I'll make sure to add this to our landing and print this out as the agent writes the code!
Thank you for the feedback!
I made the Slack onboarding step mandatory for now since we thought that a lot of our value was in sending investigations and PRs, and Slack was what we used ourselves.
What tool do you use for communication around your project? If you don't want to share publicly, could you please shoot a line to:
ash [at] superlog.sh?
Would love to learn about your usecase in more detail too!
For my current project I would use webhooks/email just like I do currently for my monitoring and alerting.
The platform itself doesn't need Slack to function, we just observed that users got more value if they could get notifications somehow, so I'm more than happy to add more comms platforms :)
> Start with one repo. Price the rest when the signal is real.
which makes it sound like possibly the $150/mo price is per-repo?
I think that could use some clarification - if I have 10 services in a monorepo vs 10 individual service repos, does that 10x my cost?
The pricing is only by usage (traces/logs/metrics) and investigation credits. We don't charge extra for repos :)
Could you please send me an email at ash [at] superlog.sh? I'd love to hear more about your use case - we might have something for you very soon!
1. Counter-positioning. Most existing tools have invested heavily in their web platforms and compete on their UI/UX. But actually, what matters to our clients is that bugs are fixed. Our top clients would rather never open our tool at all. If our competitors want to beat us, they essentially have to fight against their established business models that hinge on users looking at their browsers.
2. Evals. In order to have the most accurate RCA analysis you need a very good suite of evals: what was the right root cause in this bug? what is the right fix?. We're investing into this heavily, and as one of the early movers we have a big advantage here.

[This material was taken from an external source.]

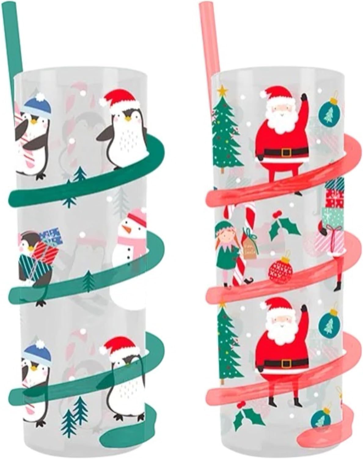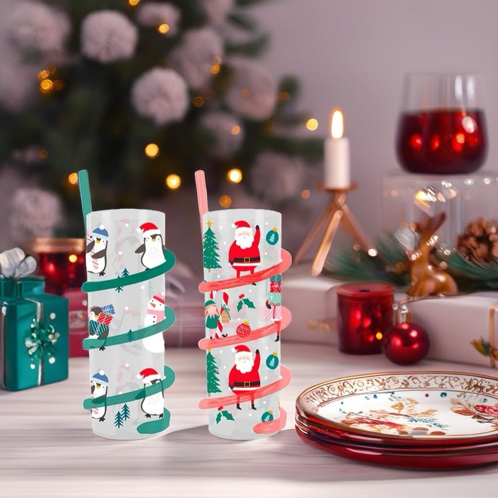 FESTIVE DESIGN: Bring festive fun to drink time with this delightful set of two Christmas spiral straw tumblers. Each tumbler features charming festive character designs that will spark joy during the holiday season. Set of 2 Christmas-themed tumblers featuring adorable holiday characters, perfect for adding a touch of seasonal cheer to any drink

At the same time, I tend to approach strategy with a lot of caution. A lot of the canonical reasoning behind 'startup positioning' is based on extrapolation from trends, but surprisingly few analogies work in economics.
Our focus right now is: - talking to our users - making sure they have the best experience
We have an eval suite with code+telemetry fixtures and a golden RCA+patches and an LLM-as-a-Judge. So whenever we get feedback from our users and they're OK with it, we use their feedback to create an eval case (it's still quite manual since you have to calibrate the case).
We use Superlog to observe Superlog, so I often extract cases from our own errors. The PRs get better and better, but, of course, it's sort of a continuous improvement process.
The moment something changes the system, it no longer observes it, in fact observing something might cause it to change ( https://en.wikipedia.org/wiki/Observer_effect_(physics) )
Either it's a tool for observing or it's a tool for fixing issues, it cannot be both, by physical principle.
Best case scenario here is that the product succeeds, and then you need to instrument the product itself in order to observe it, like debugging the debugger. But it wouldn't be an observability tool, it would shift the product that needs to be observed from the previous source code that is now a target language into the new source code that is now your product.
I agree with the philosophical principle! If you give a rigid observer an incentive to 'remove bugs', it will happily silence all alerts and report success.
Our goal is to make sure that doesn't happen. The investigation agent is actually a separate agent with a separate goal.
In practice, we rarely see the agent just silencing stuff. When this happens, I get on it and make it an eval case :)
I guess the change in voltages, arrangement of registers, filling of buffers in the network stack are changing but... what?
However in the case of SuperLog the path to system change is quite direct
"We fix bugs. Superlog prepares a resolution PR for every incident. If Confidence Gate fails, it posts findings for the investigating team and pulls in the engineers who can add context."
The system literally pushes (or Pull requests, whatever, github is dead anyways) a code change.